Quando o xá, algumas semanas antes, proibiu o kula pahlavi - baptizado com o seu nome - e recomendou em seu lugar o uso de chapéus europeus, autorizando ao mesmo tempo que as mulheres deixassem o chador e saíssem para a rua sem véu, houve aqui e ali notícia de agitações, sobretudo nas cidades sagradas. O kula era um boné de pala bastante desengraçado, feio mesmo, que dava aos homens um ar de escroques e vagabundos, mas que ainda assim permitia virar a pala para a nuca e seguir o preceito de tocar no chão com a testa durante as orações, sem descobrir a cabeça, Isso era impossível com chapéus europeus - um chapéu de feltro, um chapéu de cco, um panamá -, e por isso os mulás, acreditando que chegava a hora, faziam as suas prédicas em reuniões secretas ou em público, no adro das mesquitas.

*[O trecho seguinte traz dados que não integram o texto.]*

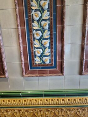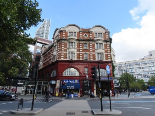 The tube station itself is also classic, one of the red-tiled originals designed by Leslie Green, now sporting a green wall on its back side:

Os jornais falavam do júbilo com que o povo recebia esta novidade da civilização, e os ministros e governadores das províncias ofereciam jantares onde as esposas convidadas teriam de se apresentar sem chador. A multidão apertava-se à entrada para ver o espectáculo dos fiacres que chegavam e donde desciam as senhoras, confusas e profundamente envergonhadas. Durante a refeição, os criados faziam desaparecer no guarda-roupa os kulas dos convidados que, quando deixavam os seus anfitriões e para não terem de regressar a casa com a cabeça descoberta, compravam um dos chapéus faranghi, os chapéus estrangeiros, que tinham à sua disposição. Uma organização exemplar, ocidental mesmo! Pedro, o Grande, não fizera melhor para privar os boiardos das suas barbas asiáticas! Estas barbas perduraram por mais tempo na Pérsia. Por outro lado, os diplomatas iranianos estão agora autorizados a apresentar-se de bicorne, que por sua vez foi introduzido no Ocidente progressista no tempo da Revolução Francesa(...). Na Hungria, para terem assento no Parlamento e darem provas do seu patriotismo, os magiares têm de deixar crescer longos bigodes e de passar as pontas por brilhantina, de maneira que elas se mantenham ousadamente reviradas. Mas onde irá o xá encontrar um modelo para a introdução dos bons velhos direitos do homem?
(...) Foram os dias mais quentes do Verão persa. Os jardins em Shemiran, cercados por muros demasiado altos, cheios de vegetação demasiado densa, eram quentes e abafados como estufas. Os mosquitos enxameavam os lagos de águas chocas. Tive malária pela segunda vez. À noite, o ar lá fora arrefecia um pouco, mas a febre subia. Quando pude sair novamente do jardim de casa, as cercanias de Teerão estavam calcinadas. Os jardins de Shemiran eram duas ilhas escuras no amarelo monótono e leproso. À minha frente, na estrada, seguia um jovem oficial, os sapatos e as polainas brancas do pó. Trazia uma pasta e uma caixa com o capacete. Encostei o carro e deixei-o subir. Ele sorriu, o suor corria-lhe pelo rosto queimado.(...) A grande praça de Tedrzriz estava vazia, tirando uns poucos fiacres com os seus cavalos brancos e famintos que pareciam anestesiados à torreira do sol.(...) Sombras e escuridão caem sobre mim como ondas. O cheiro a fresco, da terra, das folhas, uma álea e as raízes das árvores que rompem o caminho e forçam o carro a derrapar quando se tenta fazer a curva em grande velocidade. Subo sempre em terceira até diante da casa! Deixo o carro à sombra, saio, corro pelo alpendre branco, passo as portas duplas feitas de um mosquiteiro fino. Da sala chega o som de um piano. Zadikka ainda está a praticar, penso eu, aqui continua tudo igual - e respiro fundo, depois do medo inominável durante a viagem ao longo da terra aberta, exausta e transfigurada pelo sol.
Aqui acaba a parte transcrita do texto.